The Central Board of Direct Taxes (CBDT) in India has officially announced the Cost Inflation Index (CII) at 384 for the financial year 2026-27. This crucial index, effective from April 1, 2026, plays a significant role in calculating inflation-adjusted long-term capital gains for certain taxpayers, potentially lowering their tax obligations.
What is the Cost Inflation Index (CII)?
The Cost Inflation Index is an annual number notified by the CBDT to account for inflation when computing long-term capital gains (LTCG). Instead of taxing the full difference between an asset's purchase and sale price, indexation adjusts the original acquisition cost upwards to reflect inflation. This increased cost reduces the taxable capital gain, thereby decreasing the overall tax liability for eligible transactions.
CII Rises to 384 for FY27
The newly notified CII of 384 for FY2026-27 marks an increase from 376 in the preceding financial year (FY2025-26), indicating a rise in inflation. A higher index value allows eligible taxpayers to claim a larger inflation-adjusted purchase cost, which can lead to lower taxable capital gains when selling qualifying assets during FY27.

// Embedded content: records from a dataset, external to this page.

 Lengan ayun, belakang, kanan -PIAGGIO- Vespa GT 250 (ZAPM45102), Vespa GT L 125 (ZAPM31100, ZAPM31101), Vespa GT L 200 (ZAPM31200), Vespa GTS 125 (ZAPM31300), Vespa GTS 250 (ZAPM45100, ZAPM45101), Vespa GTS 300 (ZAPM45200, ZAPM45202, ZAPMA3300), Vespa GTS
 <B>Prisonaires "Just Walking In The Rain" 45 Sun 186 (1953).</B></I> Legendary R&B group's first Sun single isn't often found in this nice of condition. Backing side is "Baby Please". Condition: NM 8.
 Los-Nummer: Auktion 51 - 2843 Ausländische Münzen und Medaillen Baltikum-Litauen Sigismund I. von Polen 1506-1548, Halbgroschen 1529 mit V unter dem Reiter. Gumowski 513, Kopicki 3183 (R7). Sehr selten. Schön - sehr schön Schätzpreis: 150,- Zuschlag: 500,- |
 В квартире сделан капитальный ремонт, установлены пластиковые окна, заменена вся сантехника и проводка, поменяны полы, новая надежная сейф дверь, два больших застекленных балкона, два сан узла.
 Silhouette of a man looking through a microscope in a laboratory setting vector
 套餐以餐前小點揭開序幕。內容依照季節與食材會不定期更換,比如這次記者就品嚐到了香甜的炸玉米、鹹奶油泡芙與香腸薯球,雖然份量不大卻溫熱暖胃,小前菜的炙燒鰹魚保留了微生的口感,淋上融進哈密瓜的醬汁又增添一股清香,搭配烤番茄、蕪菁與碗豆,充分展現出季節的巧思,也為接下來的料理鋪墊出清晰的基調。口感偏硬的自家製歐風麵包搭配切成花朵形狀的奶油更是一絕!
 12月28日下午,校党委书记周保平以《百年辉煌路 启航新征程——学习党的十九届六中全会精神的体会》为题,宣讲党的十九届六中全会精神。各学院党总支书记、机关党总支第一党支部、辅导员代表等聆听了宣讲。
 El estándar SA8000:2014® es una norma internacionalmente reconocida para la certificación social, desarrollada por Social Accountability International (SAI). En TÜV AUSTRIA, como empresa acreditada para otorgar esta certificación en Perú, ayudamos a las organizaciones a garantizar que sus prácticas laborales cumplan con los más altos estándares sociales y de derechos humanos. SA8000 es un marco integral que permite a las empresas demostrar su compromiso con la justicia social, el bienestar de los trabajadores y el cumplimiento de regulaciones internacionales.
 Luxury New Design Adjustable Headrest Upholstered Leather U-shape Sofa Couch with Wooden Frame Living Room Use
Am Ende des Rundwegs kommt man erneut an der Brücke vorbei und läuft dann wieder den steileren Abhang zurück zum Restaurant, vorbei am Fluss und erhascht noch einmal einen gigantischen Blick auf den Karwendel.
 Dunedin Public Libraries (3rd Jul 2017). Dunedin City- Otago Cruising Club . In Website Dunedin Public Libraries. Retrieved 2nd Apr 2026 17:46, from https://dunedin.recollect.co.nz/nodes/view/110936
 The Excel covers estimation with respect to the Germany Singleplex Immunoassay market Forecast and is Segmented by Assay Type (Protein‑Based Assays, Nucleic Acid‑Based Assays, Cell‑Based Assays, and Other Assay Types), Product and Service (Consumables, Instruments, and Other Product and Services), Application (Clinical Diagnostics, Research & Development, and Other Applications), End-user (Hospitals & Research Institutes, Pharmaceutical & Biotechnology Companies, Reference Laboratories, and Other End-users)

Who Can Still Claim Indexation Benefits?
While the annual notification of the CII is a routine exercise, its significance has grown following changes in the capital gains tax regime introduced in the Union Budget 2024. These reforms largely restricted indexation benefits for most newly acquired capital assets.
However, specific categories of taxpayers continue to qualify for these benefits. Notably, resident individuals and Hindu Undivided Families (HUFs) selling land or buildings acquired before July 23, 2024, can still utilize indexation. For these taxpayers, the new CII of 384 will be instrumental in determining the indexed cost of acquisition for computing long-term capital gains.
Eligible taxpayers have the option to choose the earlier capital gains tax regime, which includes indexation, if it results in a lower tax liability compared to the newer tax framework.
Why This Notification Matters
The notification of the CII provides clarity and certainty for taxpayers, chartered accountants, and tax professionals involved in capital gains calculations. It serves as the official reference point for computing indexed acquisition costs wherever indexation is permitted under the Income-tax Act.
Taxpayers planning to dispose of eligible immovable property during FY2026-27 should factor the new CII into their financial projections. This allows them to accurately compare the tax implications under both the old indexation regime and the updated capital gains framework. Ultimately, while indexation has become more limited post-2024 tax reforms, it continues to offer meaningful tax savings for those disposing of certain long-held assets.